Defensive end Jeremy Beal was a defensive end/outside linebacker pass-rushing hybrid at Oklahoma and was drafted in the seventh round of the 2011 NFL draft by the Broncos. He spent his first season on the practice squad but was having an impressive training camp last summer before landing on the injured reserve list.
Coming back at full strength, Beal will be a sleeper to watch at training camp, as was noted by DenverBroncos.com's Gray Caldwell.
Watch for Beal to compete for a rotational role on Denver's defensive line.
It won't be hard for the Broncos to find a role for a versatile pass-rusher like Shaun Phillips on defense. But Phillips will be doing more than just rushing the passer.
In April, coach John Fox noted that Phillips would be a hybrid-like player—serving as both a defensive end and backup outside linebacker to Von Miller, who also plays with his hand on the ground on occasion.

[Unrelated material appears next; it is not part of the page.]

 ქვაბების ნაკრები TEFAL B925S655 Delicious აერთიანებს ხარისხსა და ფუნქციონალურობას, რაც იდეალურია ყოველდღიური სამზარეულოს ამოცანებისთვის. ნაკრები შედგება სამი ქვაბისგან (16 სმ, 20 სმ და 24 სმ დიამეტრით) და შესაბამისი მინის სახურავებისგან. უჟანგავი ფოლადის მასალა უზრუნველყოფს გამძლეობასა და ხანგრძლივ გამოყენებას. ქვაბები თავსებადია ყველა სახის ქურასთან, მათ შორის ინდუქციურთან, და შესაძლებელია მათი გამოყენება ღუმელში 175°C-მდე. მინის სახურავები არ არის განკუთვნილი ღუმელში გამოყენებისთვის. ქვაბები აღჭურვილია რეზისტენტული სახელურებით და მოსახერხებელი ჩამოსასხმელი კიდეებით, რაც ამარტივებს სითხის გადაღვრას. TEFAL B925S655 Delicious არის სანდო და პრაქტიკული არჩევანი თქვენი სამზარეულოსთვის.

At OTAs, Phillips confirmed that his role will extend beyond pass-rushing.
"It's a little tough that they've got me covering tight ends a little bit more and not just rushing the passer, but it's the first day. I'm learning," Phillips told DenverBroncos.com's Andrew Mason.
But if Phillips has any say in the matter, he clearly prefers defensive end in a 4-3 look:
Whether it's outside linebacker or defensive end, they're pretty similar positions. The great thing about defensive end is you get to put your hand down and pass rush all the time. Hopefully that's the case, but we'll see. Everything will shake out in the end.

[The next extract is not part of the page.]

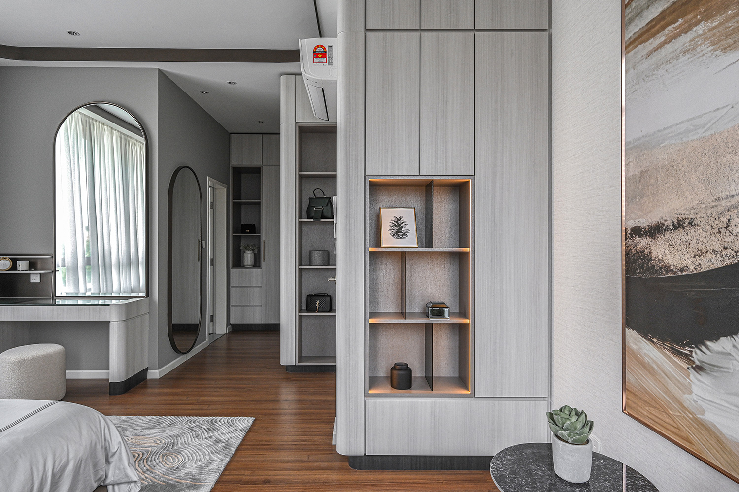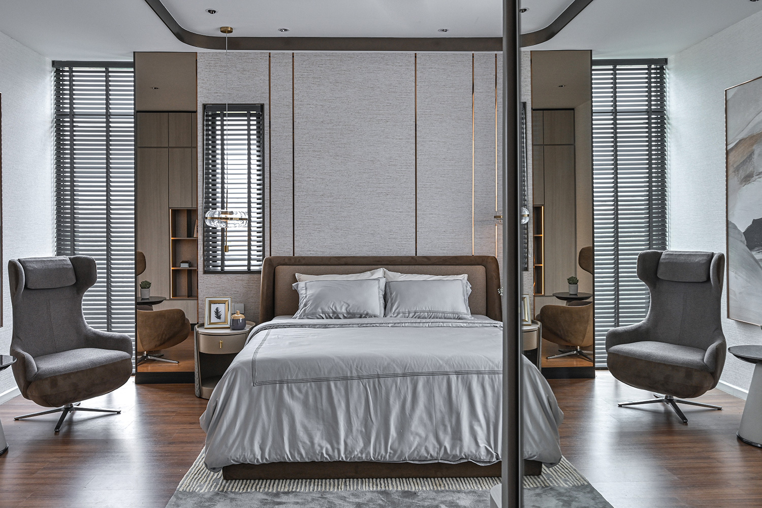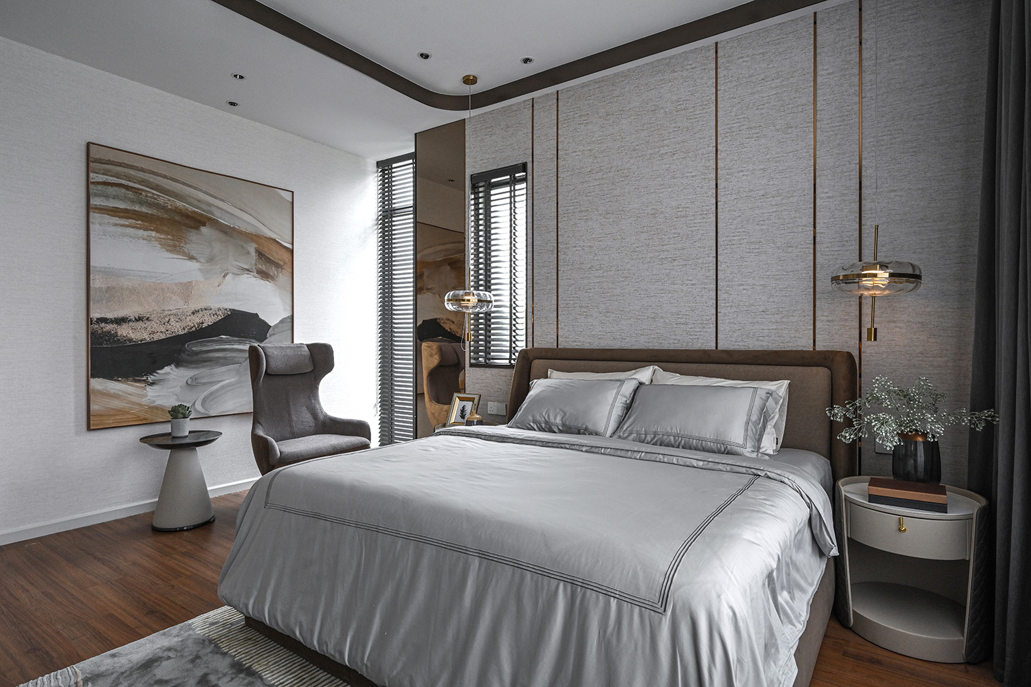 The infusion of contemporary classical elements elevates the aesthetic appeal of the interior, ensuring a timeless allure. Carefully selected loose furniture further enhances the overall ambiance, contributing to a sense of opulent living. Subtle classical details adorn the ceiling and walls, adding a touch of minimalistic sophistication that enriches the atmosphere while casting shadows that embody a premium lifestyle.

Whether he lines up a majority of the time at defensive end or outside linebacker, Phillips' job will always be the same: Get to the football.
"Football, at the end of the day, is always simple," he said. "See the ball; go tackle the guy with the ball."
Last season, second-year cornerback Chris Harris Jr. had a mini-breakout season, recording 61 tackles, 2.5 sacks and three interceptions in 12 starts (15 games). His production resulted in him being ranked third among Matt Miller's top 100 cornerbacks of 2013 and being ranked fifth overall by Pro Football Focus (subscription required).
But outside of Denver and beyond serious students of the game, Harris' season went seemingly unnoticed. Without Pro Bowl recognition, Harris' stellar play flew under the radar.
That should change in 2013.
"I feel like I am a starting corner in this league, easy," Harris, noted as a nickel defensive back, told Caldwell DenverBroncos.com last Tuesday. "I’m an undrafted guy that’s taking advantage of the opportunity. That’s the easiest way that I can describe it to you. I’m just taking advantage of the playing time I get.”
Harris joined the team as an undrafted rookie in 2011 and went on to earn PFW/PFWA and Football Outsiders' NFL All-Rookie Team honors in year one before bursting into the starting lineup in year two.
As Denver's slot cornerback, Harris will get to go against Wes Welker every day in practice, something that will only make him better.
"He’s one of the best slot receivers, and I think I’m one of the best slot corners," Harris said.
That will be one heckuva matchup to watch in training camp.
If you are looking for a breakout starter on Denver's defensive line this season, look no further than Derek Wolfe.
The second-year defensive end is coming off a six-sack season and is primed to increase his sack total in 2013. (Merely for the sake of discussion, consider that Houston's J.J. Watt recorded 5.5 sacks during his rookie year—in a role very similar to the one Wolfe held in Denver in 2012).
Defensive coordinator Jack Del Rio said Wolfe emerged as a leader as the year went on last season, and Von Miller noted that he took around "three to four" sacks from Wolfe throughout the season.
“I probably took about three or four sacks away from Derek Wolfe,” Miller said, via Kim Constantinesco of PredominantlyOrange.com. “If you add that on to his total, I think he was up there in double-digits. He had an amazing rookie season and I think the way he’s been working this offseason—he’s already a leader now.”
"He's already the leader in the defensive line room," Miller told Caldwell of DenverBroncos.com. "I think everybody knew he was destined to be that right when we first brought him in."
Watch for Wolfe to thrive playing across from Miller in 2013.